Baumbach’s characters—picked from New York’s self-punishing literary class—are also repellent. Not since Woody Allen’s Big Apple reign in the 1980s has a filmmaker so shamelessly flattered the professional classes in the guise of exposing them. Baumbach labels their tales with haughty movie titles that are actually New Yorker magazine short-story code, referencing a style of middle-class entitlement and smirk.

Margot at the Wedding is imitation-Salinger, pitting two sisters, novelist Margot (Nicole Kidman) and her artistically floundering older sibling Pauline (Jennifer Jason Leigh), who are lifelong cat-fighters. When the sisters reunite for Pauline’s Hamptons marriage to Malcolm (Jack Black), a failed musician, they greet each other with hostile quips about incest, rape, betrayal, loneliness and the inferior mob.

We’ve seen these skittish hateful chicks before, in Woody Allen’s laughable Interiors, but Allen was weaned on the crisis-and-catharsis mode of Ingmar Bergman movies; Baumbauch, the post-Boomer scion of film critics, stays cool. Not sentimental like Allen, or haunted by religious guilt like Bergman, he’s free to be intellectually skeevy. He makes Pauline and Margot reprehensible as a sign of his daring artistic cruelty.

Sure enough, morons think Baumbach’s deep because he wallows in unsightly “truths,” but creatures like Margot and Pauline can be dismissed as dime-store Freud. “What was it about Dad that had us fucking so many guys?” Pauline wonders; and at a public reading of her fiction, Margot pleads for her autobiographical protagonist, “a loathsome character yet we feel a strange sympathy for him.” Both personalities are recognizable—but preferably at distance. Baumbach rubs our noses in their stench through some mixed-up notion that their bad behavior is unconscious and fascinating. But to hear characters brag “I haven’t had that thing yet where you realize you’re not the most important person in the world” or “He’s not ugly, he’s just completely unattractive” is not amusing. It’s a dreary experience.

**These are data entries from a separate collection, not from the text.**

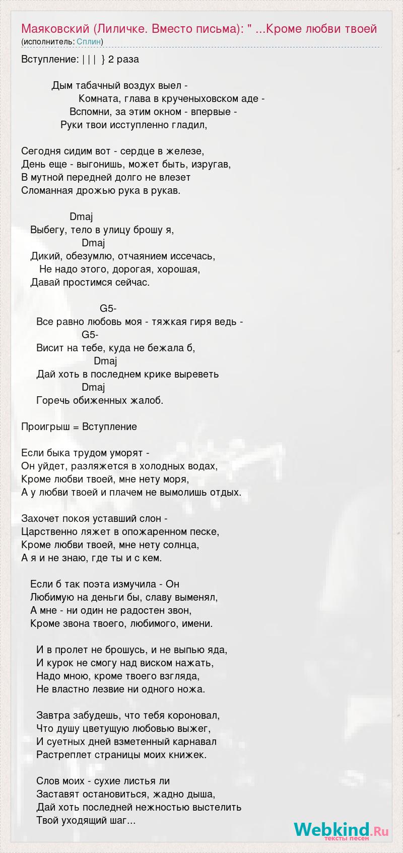 Главная→Исполнители→Сплин→Маяковский (Лиличке. Вместо письма): " ...Кроме любви твоей мне нету солнца / А
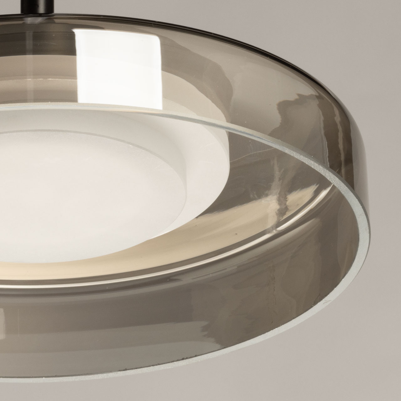 Металлическое основание светильника окрашено в черный цвет. Стеклянный плафон гальванизирован в дымчатый цвет. Светодиодный источник света закрыт белым матовым акрилом.
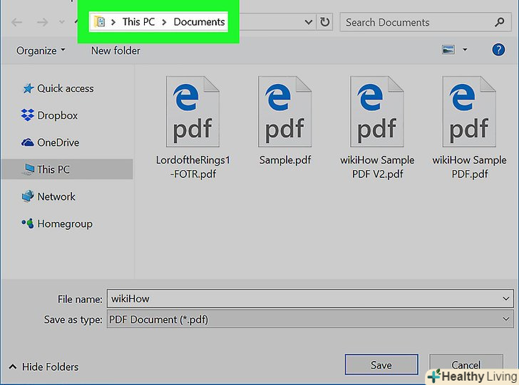 Виберіть папку для збереження PDF-файлу. клацніть по потрібній папці в лівій частині вікна.

Appointing himself cinematic enabler to New York’s most obnoxious people, Baumbach makes it obvious that each sister represents one side of his own psyche—just as the parents in Squid and the Whale were embarrassing family self-portraits. He pretends messy Margot and persnickety Pauline are worth our attention because they’re so pathological: They berate each other (and Pauline scolds her androgynous teenage son) fearful that despite advantages of education and money, they’re both really mediocre.

But Margot at the Wedding isn’t a story of neurotics struggling to be loved; it’s an example of Baumbach struggling to validate middlebrow narcissism. He perverts lessons in humanity taught by Eugene O’Neill, Tennessee Williams and even Wes Anderson, the great visionaries of American family and class warfare. But notice: Baumbach’s sympathy for the devil never extends outside his clan (Pauline’s Hamptons neighbors are depicted as violent weirdos—carnivores!). He domesticates bigotry. The kitchen confrontation between Pauline and Malcolm is a case-in-point: It’s not an ethical, emotional trade-off; each cowardly egotist talks at cross purposes through Baumbach’s smug dialog. He’s always looking for malice and humiliation, as when a rat is discovered at the bottom of the family swimming pool.

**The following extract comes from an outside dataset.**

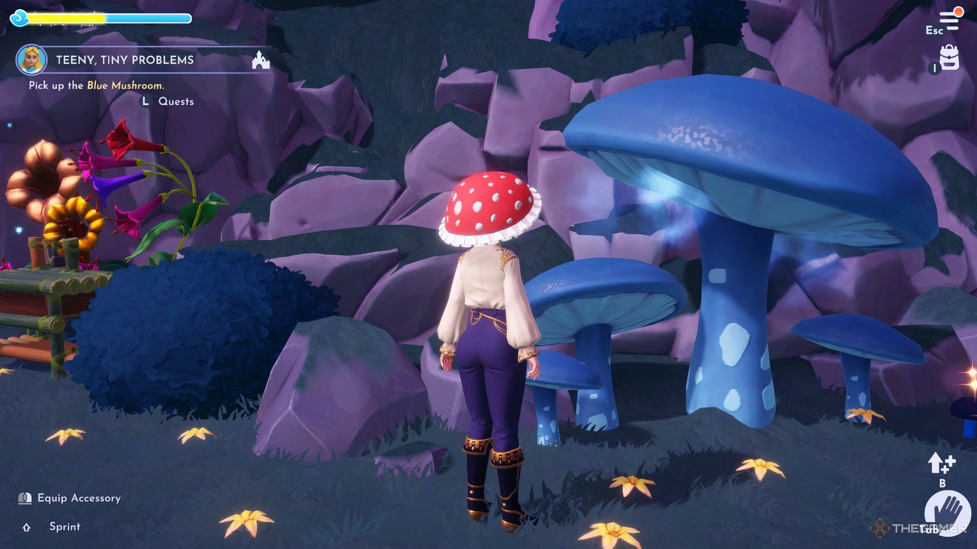 もう一度、最初のエリアに戻り、煙を分泌する巨大な青いキノコとミスト。青い服を着て元気づけてから、落とすキノコを集めます。

Kidman tries making Margot pitiable, but she remains a cold actress. Brave Jennifer Jason Leigh, the finest film actress of the ’90s, gets disgraced. Baumbach not only turns Leigh’s fearlessness into Isabelle Huppert-style masochism, he offends her person with a scene where Pauline shits her panties. And we see it. Baumbach can’t guide us through troubled emotions like O’Neill, Williams and Anderson; he leads us into the shallow end of arrogance, conceit and ugliness. The rat at the bottom of the pool is Baumbach himself.